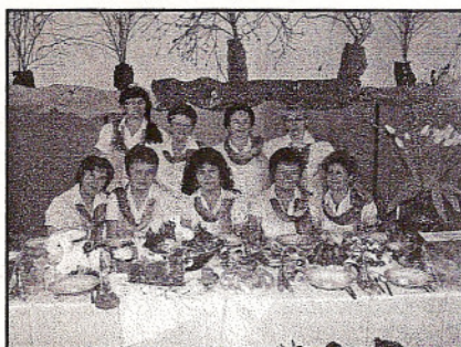
KGW w Woli Zaradzyskiej

Koła Gospodyń Wiejskich z terenu Gminy Ksawerów prezentują przygotowane przez siebie stoły:
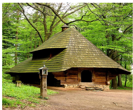
Skansen w Sanoku
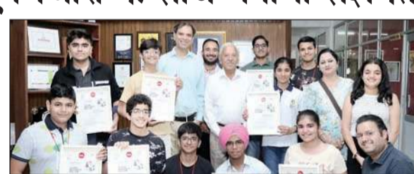
शुल्गिनी यूनिवर्सिटी में समर पेंटेंट स्कूल टीम आइडियाज दैट मैटर कार्यक्रम में हिस्सा लेते बच्चे।

2021 में शुरूआत के बाद से समर पेंटेंट स्कूल के छह सफल समूह देखे गए और हाल ही में इसका सातवां समूह संपन्न हुआ, जिसमें पूरे भारत से 200 से अधिक छात्र शामिल हुए। समर पेंटेंट स्कूल टीम आइडियाज दैट मैटर और
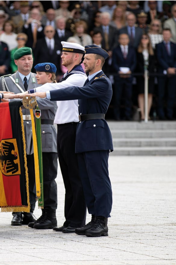
Rekrutinnen und Rekruten der Bundeswehr legen ihr Gelöbnis ab.

Mitgliedschaft in EU und NATO, unserem auf sozialer Marktwirtschaft und internationaler Verflechtung basierendem Wirtschaftsmodell und der Verantwortung für unsere natürlichen Lebensgrundlagen. Auf dem festen Fundament unserer Werte bestimmen wir diese Interessen:
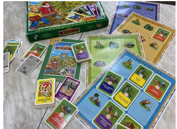
Настольная игра «Живу в Югре»
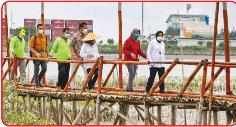
Walikota Surabaya Tri Rismaharini menjau lokasi.
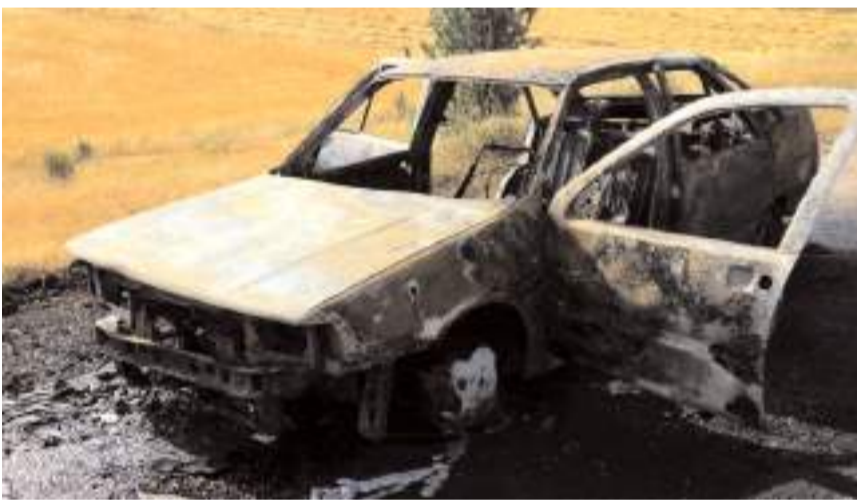
Olay Altıntaş köyü yolunda meydana geldi.
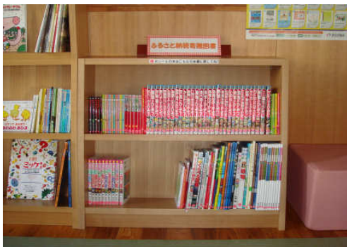
放課後児童対策事業、ふるさとの友と親族を応援する (児童クラブの図書購入)
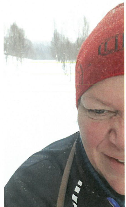
Kåret til beste bilde.
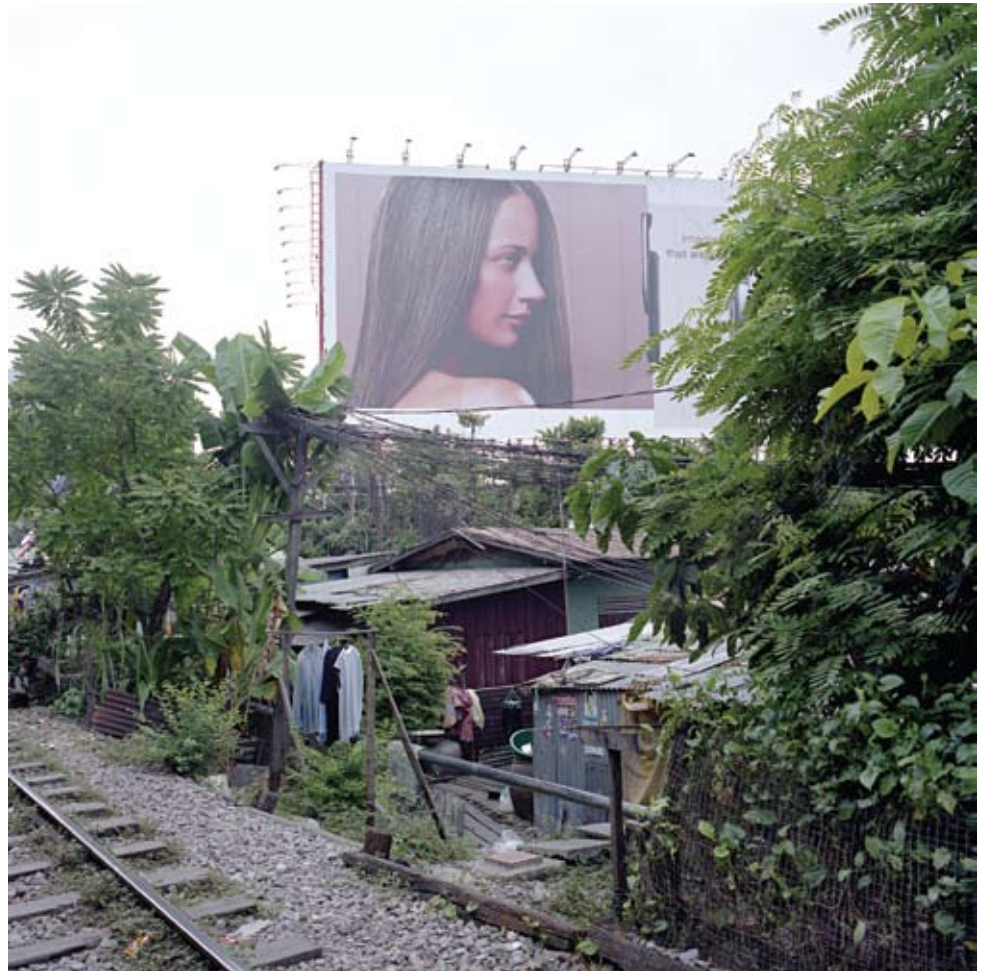
Bangkok 15/7/2007 Inkjet on Epson paper 100 x 100 cm Edition of 3
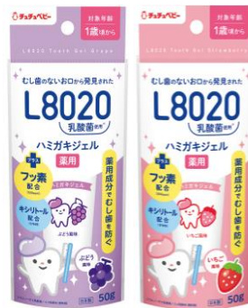
ChuChu L8020乳酸菌 薬用ハミガキジェル いちご風味・ぶどう風味 ジェクス
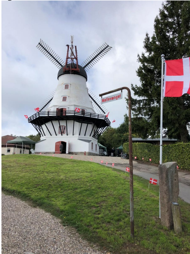
Fra morgenstunden blev møllen pyntet op med flag
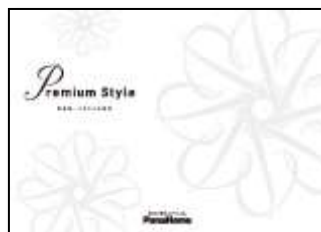
⑦ こだわりの邸宅 「Premium Style」 実例集
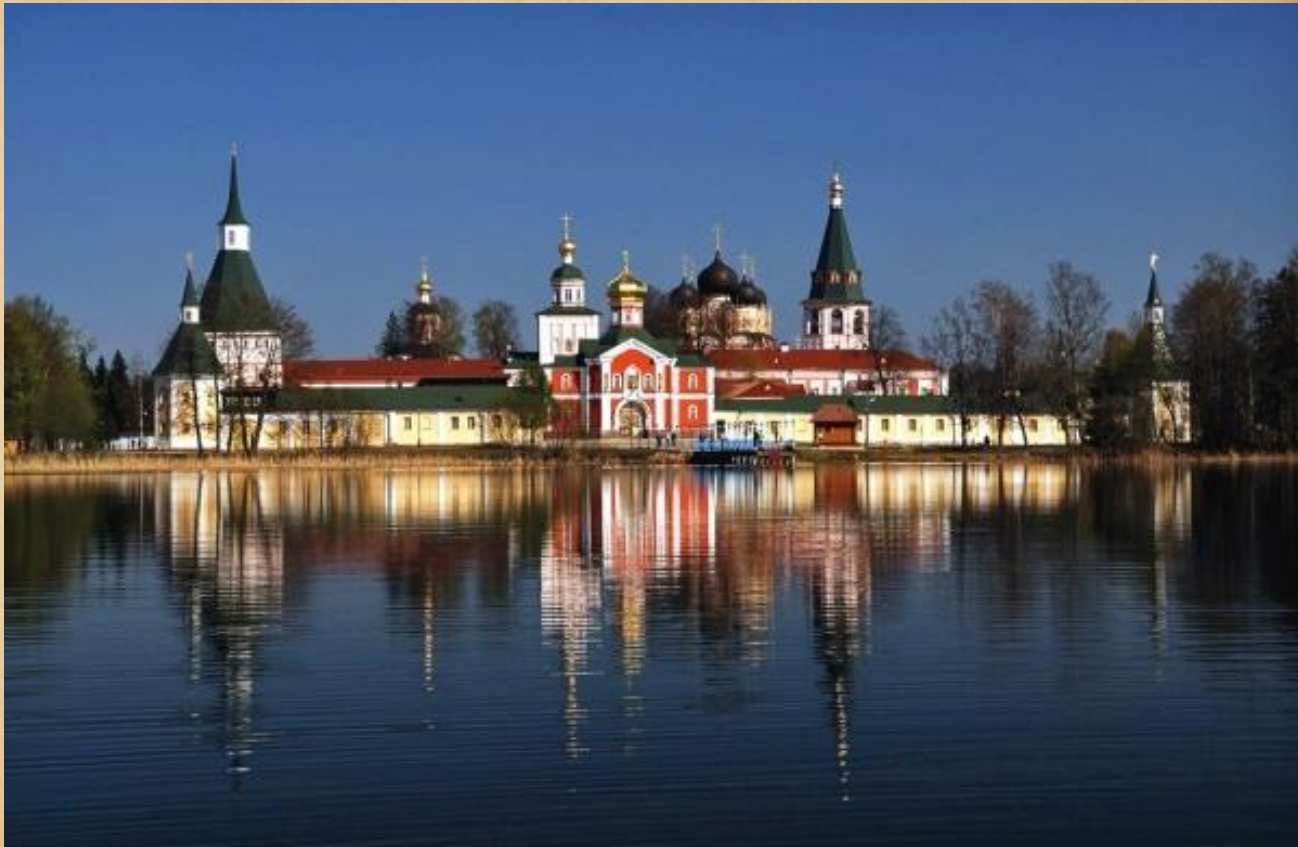
Иверский Святоозерский монастырь на Валдае

Первосвятитель всячески поощрял церковное строительство, сам он был одним из лучших зодчих своего времени. При Патриархе Никоне были сооружены богатейшие монастыри Православной Руси:
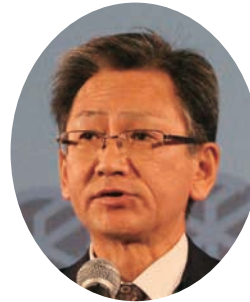
北海道知事祝辞： 佐々木北海道渡島総合 振興局長
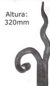
Ref. Medida 01.040.144 30x30 01.040.146 40x40
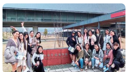
校外学習・福井県年輪博物館 (青池調理師専門学校)
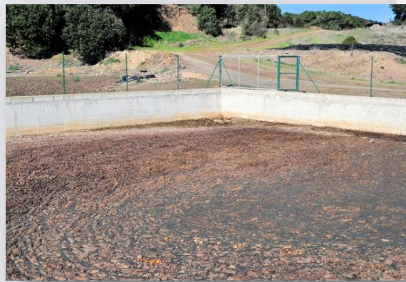
Bassa de fems

A l'apartat "GALERIES DE FOTOS" dins de les visites podem trobar la seqüència de fotos de diverses visites i l'actual.
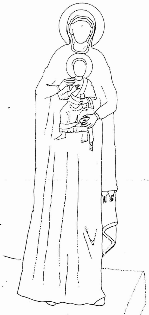
Αφαιρετικό σχέδιο της όρθιας βρεφοκρατούσας Θεοτόκου στο ναό της Κοιμήσεως της Θεοτόκου στη Νίκαια

Όμως τι μπορεί να συμβαίνει με το μοναδικό σωζόμενο όνομα της άλλοτε εικονομαχικής επιγραφής; Κάτω από ποιες συνθήκες διασώθηκε το όνομα του πολυσυζητημένου « Παύλου τοῦ ἁγιωτάτου ἀρχιεπισκόπου ... »; Ποιος ήταν, λοιπόν, αυτός ο επί-
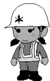
京都市土木事務所 イメージキャラクター セツちゃん
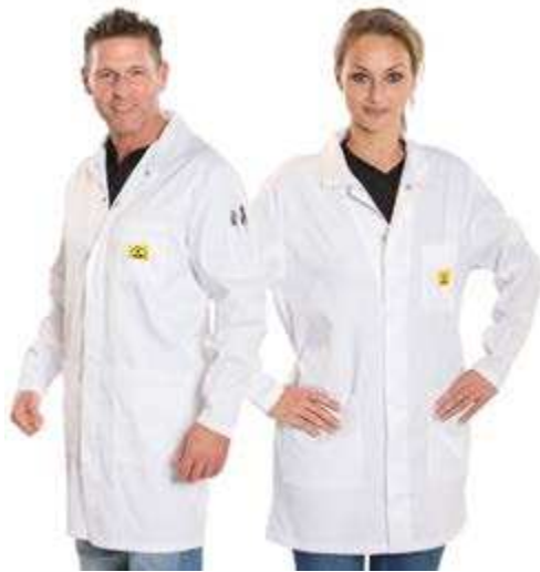
Ärmel mit Druckknopf / unisex
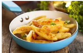
Dzūkiški „šaltanosiai“ (2)
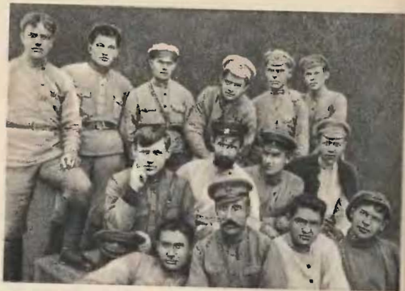
Командиры штаба 3-й бригады 12-й дивизии
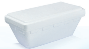
T750 ml 825
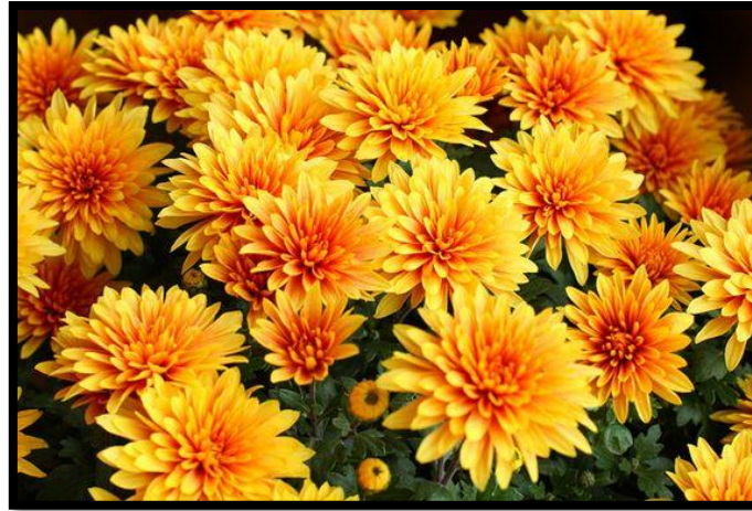
Gambar 7: Bunga Kekwa

Chrysanthemum nama saintifik bagi bunga kekwa. Bunga daripada keluarga Asteraceae ini banyak dilihat di Asia dan Eropah Timur. Di Malaysia, bunga kekwa juga banyak ditanam di Cameron Highland yang bersuhu sejuk. Mempunyai keunikan dari segi rupa dan bentuk serta jalinan kelopak berlapis telah dijadikan sumber inspirasi pengolahan idea motif dalam seni tekak. Apresiasi tukang seni tekak dalam mengolah semula rupa bentuk bunga kekwa membuktikan kearifan lokal pembuat seni tekak terhadap keindahan flora.
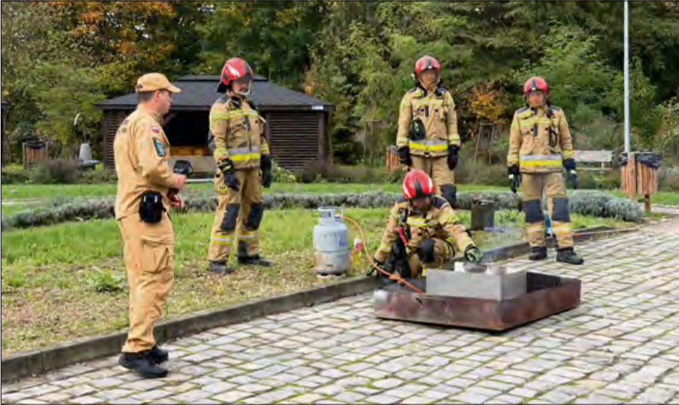
Wszystko zaczęło się od pokazu gaszenia płonącego oleju w wykonaniu krapkowickich strażaków.

W starostwie powiatowym w Krapkowicach odbyły się warsztaty dla seniorów, które poprowadzili nasi policjanci oraz strażacy. Tematyką zajęć było szeroko rozumiane bezpieczeństwo.
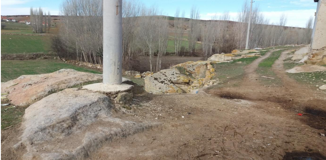
Şekil 79. Merkez Nekropolisi

Merkez Nekropolisi, Köy merkezinden (Muhtarlık) 217 m güneybatı da yer almaktadır. Nekropolisin çevre uzunluğu 161 m ve alanı 1.037. 34 m 2 'dir. Köy mezarlığı Nekropolisi 411 m güney doğusunda kalmaktadır. Karaçayır Nekropolisi de 643 m kuzeyinde yer almaktadır.

^^^^^^^^^^^^^^^^

§ **REQUIRED WORK**
Look above for the line with "Fra morgenstunden blev" and the line with "Αφαιρετικό σχέδιο της". Give again exactly those two lines and all lines between them, pictures excluded.

§ **ANSWER FOR THIS EXERCISE**
Fra morgenstunden blev møllen pyntet op med flag
⑦ こだわりの邸宅 「Premium Style」 実例集
Иверский Святоозерский монастырь на Валдае

Первосвятитель всячески поощрял церковное строительство, сам он был одним из лучших зодчих своего времени. При Патриархе Никоне были сооружены богатейшие монастыри Православной Руси:
北海道知事祝辞： 佐々木北海道渡島総合 振興局長
Ref. Medida 01.040.144 30x30 01.040.146 40x40
校外学習・福井県年輪博物館 (青池調理師専門学校)
Bassa de fems

A l'apartat "GALERIES DE FOTOS" dins de les visites podem trobar la seqüència de fotos de diverses visites i l'actual.
Αφαιρετικό σχέδιο της όρθιας βρεφοκρατούσας Θεοτόκου στο ναό της Κοιμήσεως της Θεοτόκου στη Νίκαια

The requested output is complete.